Substituting (16) and (17) into equation (10), multiplying both sides of the resulting equation by

\[ c_yS_{3/2}^{(1)}(c^2)(1\pm \operatorname{sign}c_x)\exp(-c^2)\,dc, \]

and integrating over the entire velocity space, we obtain

\[ \frac{d}{dx}a_3^+ = a_3^+\frac{4(I_3+I_4)}{13\pi} + a_3^-\frac{4(I_3-I_4)}{13\pi}, \]

\[ \frac{d}{dx}a_3^- = -\,a_3^+\frac{4(I_3-I_4)}{13\pi} - a_3^-\frac{4(I_3+I_4)}{13\pi}, \tag{18} \]

where

\[ I_3= \left[ c_yS_{3/2}^{(1)}(c^2),\, c_yS_{3/2}^{(1)}(c^2) \right] = -1.333\pi/\lambda, \]

\[ I_4= \left[ c_yS_{3/2}^{(1)}(c^2)\operatorname{sign}c_x,\, c_yS_{3/2}^{(1)}(c^2)\operatorname{sign}c_x \right] = -1.262\pi/\lambda. \]

The solution of system (18) has the form:

\[ a_3^+=-73.09c_3\exp(-0.798\,x/\lambda), \qquad a_3^-=c_3\exp(-0.798\,x/\lambda); \tag{19} \]

\(c_3\) is an arbitrary constant of the system.

The arbitrary constants of the differential equations are determined from the boundary conditions at the wall, which for the complete distribution function have the form (1)

\[ f^+(0,c)=qf^{(0)}+(1-q)f^-(0,-c_x,c_y,c_z), \tag{20} \]

where \(q\) is the coefficient of diffuse reflection.

Substituting the distribution function (5) into (20), it is easy to obtain the boundary condition for the function \(\Phi(x,c)\)

\[ \Phi^+(0,c)=-q\Psi(\infty,c)+(1-q)\Phi^-(0,-c_x,c_y,c_z). \tag{21} \]

Equating the coefficients of \(c_y\), \(c_xc_y\), \(c_yS_{3/2}^{(1)}(c^2)\) in relation (21), we obtain the boundary conditions for the functions \(a_i^\pm\)

\[ \begin{gathered} a_0^+(0)=-q\cdot 2u+(1-q)a_0^-(0),\qquad a_1^+(0)+a_2^+(0)=\\ =q-1[a_1^-(0)+a_2^-(0)],\qquad a_3^+(0)=-q\tau\,\partial\ln T/\partial y+(1-q)a_3^-(0). \end{gathered} \tag{22} \]

Substituting expressions (11), (15), (19) into the boundary conditions (22), we obtain

\[ \begin{gathered} c_1=-q\,\frac{2u}{q-5.487},\qquad c_2=q\,\frac{2u(6.194-1.551q)}{-q^2+9.384q-21.38},\\ c_3=q\,\frac{\tau}{74.09-q}\,\frac{\partial\ln T}{\partial y}. \end{gathered} \tag{23} \]

The correction to the distribution function has the form

\[ \begin{aligned} \Phi(x,c)=&\frac{a_0^+ + a_0^-}{2}c_y+\frac{a_0^+ - a_0^-}{2}c_y\operatorname{sign}c_x +\frac{a_1^+ + a_1^-}{2}c_xc_y+\frac{a_1^+ - a_1^-}{2}c_xc_y\operatorname{sign}c_x+\\ &+\frac{a_2^+ + a_2^-}{2}c_xc_y+\frac{a_2^+ - a_2^-}{2}c_xc_y\operatorname{sign}c_x +\frac{a_3^+ + a_3^-}{2}c_yS_{3/2}^{(1)}(c^2)+\\ &+\frac{a_3^+ - a_3^-}{2}c_yS_{3/2}^{(1)}(c^2)\operatorname{sign}c_x . \end{aligned} \tag{24} \]

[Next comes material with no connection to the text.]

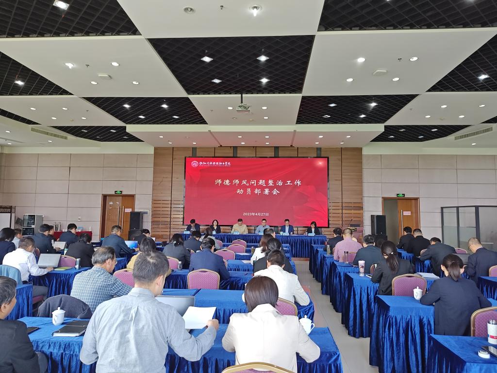 4月27日上午,学校师德师风问题整治工作动员部署会在行政楼三楼多功能厅召开。校党委书记张勇出席会议并作动员讲话,校领导班子成员和全体中层干部参加会议。会议由校党委副书记、副校长吴宏平主持。

From (24), (11), (15), (19), after carrying out the calculations we shall have

\[ \begin{aligned} \Phi(x,c)=&-3.487\,\frac{c_1}{2}c_y\exp(-7.56x/\lambda)-\\ &-5.487\,\frac{c_1}{2}c_y\operatorname{sign}c_x\exp(-7.56x/\lambda) +6.194\,\frac{c_1}{2}c_xc_y\exp(-7.56x/\lambda)+\\ &+3.092\,\frac{c_1}{2}c_xc_y\operatorname{sign}c_x\exp(-7.56x/\lambda) +3.897\,\frac{c_2}{2}c_xc_y\exp(-1.65x/\lambda)+\\ &+1.897\,\frac{c_2}{2}c_xc_y\operatorname{sign}c_x\exp(-1.65x/\lambda) -72.09\,\frac{c_3}{2}c_yS_{3/2}^{(1)}(c^2)\exp(-0.798x/\lambda)-\\ &-74.09\,\frac{c_3}{2}c_yS_{3/2}^{(1)}(c^2)\operatorname{sign}c_x\exp(-0.798x/\lambda). \end{aligned} \]

The distribution function obtained differs substantially from the one derived by us earlier \((^1)\) in that the distribution function for the incident molecules depends explicitly on the distance to the wall; consequently, one may expect that on the basis of the distribution function obtained there should result a slip velocity different from the expression obtained in \((^1)\). This question will be the subject of our next paper.

Institute of Physical Chemistry
Academy of Sciences of the USSR

Received
27 III 1967

REFERENCES

1. B. V. Deryagin, Yu. I. Yalamov, I. N. Ivchenko, DAN, 173, No. 6 (1967).
2. R. L. Bhatnagar, E. P. Gross, M. Krook, Phys. Rev., 94, 511 (1954).
3. J. C. Maxwell, Phil. Trans. Roy. Soc. London, 170, Part 1, 231 (1879).
4. E. P. Gross, E. A. Jackson, S. Ziering, Ann. Phys. (USA), 1, 141 (1957).
5. E. P. Gross, S. Ziering, Phys. Fluids, 1, 215 (1958).
6. S. Chapman, T. Cowling, The Mathematical Theory of Non-uniform Gases, IL, 1960.
7. B. V. Deryagin, S. P. Bakanov, DAN, 139, 71 (1961).